For a given product, aspect candidates are extracted from each sentence of every review, based on its sentence dependency tree. Sentence dependency trees capture the grammatical relations between words that comprise a sentence. The dependencies are binary asymmetric relations between a word identified as head (generally a verb) and its dependents [ 6 ]. The nature of the relationship is denoted by a dependency label associated with the edge connecting the two words in the relationship. For instance, Figure 4 depicts the dependency tree for the following sentence: “The framerate was high, battery life was long, the visual efects looked as polished as today’s consoles”. A detailed description of dependency trees can be found in [ 6 ]. The open source library Spacy [ 8 ] is employed to generate dependency trees owing to its combination of speed and accuracy [ 5 ]. Punctuation is retained and no pre-processing is performed prior to producing dependency trees, since lemmatization or other pre-processing steps may afect the accuracy of dependency tree generation. Next, we describe the sentence tree pruning algorithm which returns dependency relations associated with aspect candidates.

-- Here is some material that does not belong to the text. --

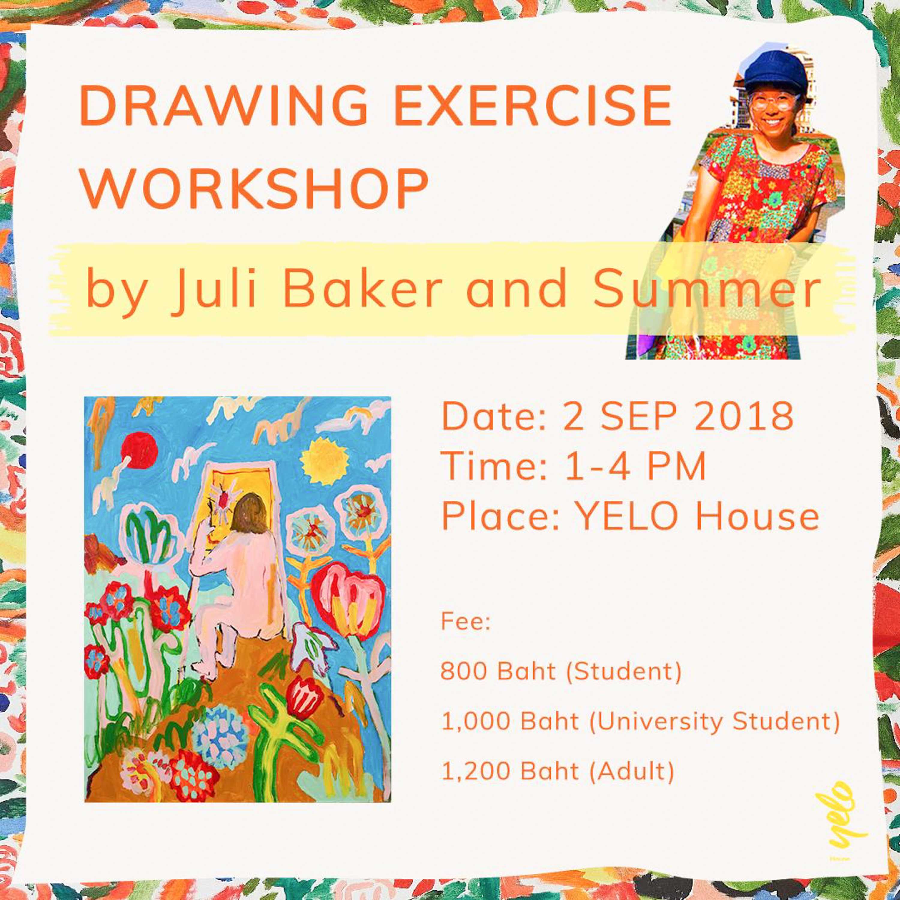 มาเริ่มกันที่คลาสแรกจากศิลปินชื่อดัง ป่าน – ชนารดี ฉัตรกุล ณ อยุธยา หรือ Juli Baker and Summer จัดกิจกรรมสุดพิเศษที่งาน Based on True Stories A Duet Exhibition by Juli Baker & Jaruwat ซึ่งมาพร้อมกับสีสันและการแต่งแต้มจินตนาการแบบฉบับเฉพาะตัว โดยเธอจะมาเผยเทคนิคและแบบฝึกหัดที่จะช่วยให้เราสนุกกับการวาดรูประบายสีมากขึ้น โดยผู้เข้าร่วมจะได้ทำโจทย์ที่ท้าทายประสาทสัมผัส และข้อจำกัดที่อาจจะเป็นแรงกระตุ้นให้เกิดงานที่แปลกใหม่ เช่น การลองวาดรูปด้วยมือข้างที่ไม่ถนัด การวาดรูปจากเพลง เป็นต้น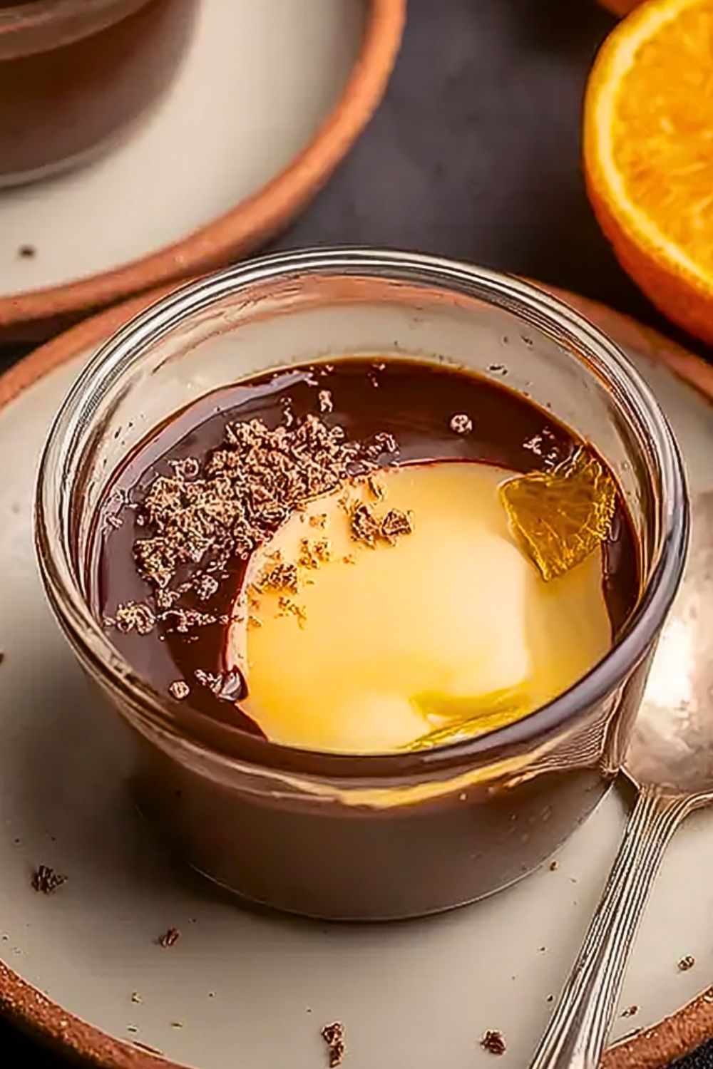 When zesting the orange, be careful to only get the brightly colored outer skin — avoid the bitter white pith underneath. Heat the cream mixture gently and don’t let it boil over; a slow simmer extracts the citrus oils and activates the cream’s natural thickening properties. Once you add the orange juice, stir well but gently to avoid curdling. Always strain before pouring into serving dishes for the silkiest result. When adding the ganache, wait until the possets are fully set to keep the layers clean. Chill for at least four hours, but overnight is even better for maximum flavor fusion.

3.2.1 Dependency Tree Pruning. Dependency tree pruning algorithm (DTP) prunes the dependency tree generated for each sentence to retain relations that are associated with aspect candidates. Specifically, for every aspect candidate we retain the dependencies that capture the relations between the aspect, opinion, and the head word of the aspect. Aspect candidates are identified subject to a set of dependency rules that are applied to the dependency tree. The set of rules R, some of which have been defined by the authors of [ 21 ], that determine if a word is an aspect candidate, are described below: (1) A noun n is an aspect if there exists a parent-child relation between n and another word a, and a is either an adjective or an adverb. Here the set of words a that satisfy this condition constitute the opinion. (2) Adjective-adverb sibling rule: A noun n is selected as an aspect, and a as the opinion if there exists a word a that shares the same parent (head term), and a is either an adjective or adverb. (3) If a word v has a direct object relation with a noun n, and v is a verb, then n is selected as an aspect, with v being the opinion. (4) If A verb v has a noun n as a parent (head term), and v has a parent-child relation with another word a which is an adjective, then n is selected as an aspect, with a being the opinion. (5) If a noun n1 in a conjunct relation or a prepositional relation with another noun n2, and n2 is parent-child relation with an adjective a, n1 is selected as an aspect with a being (6) If a word v is in an open clausal relationship with another word a, with v being a verb and a being an adjective or adverb, then select v as an aspect and a as opinion.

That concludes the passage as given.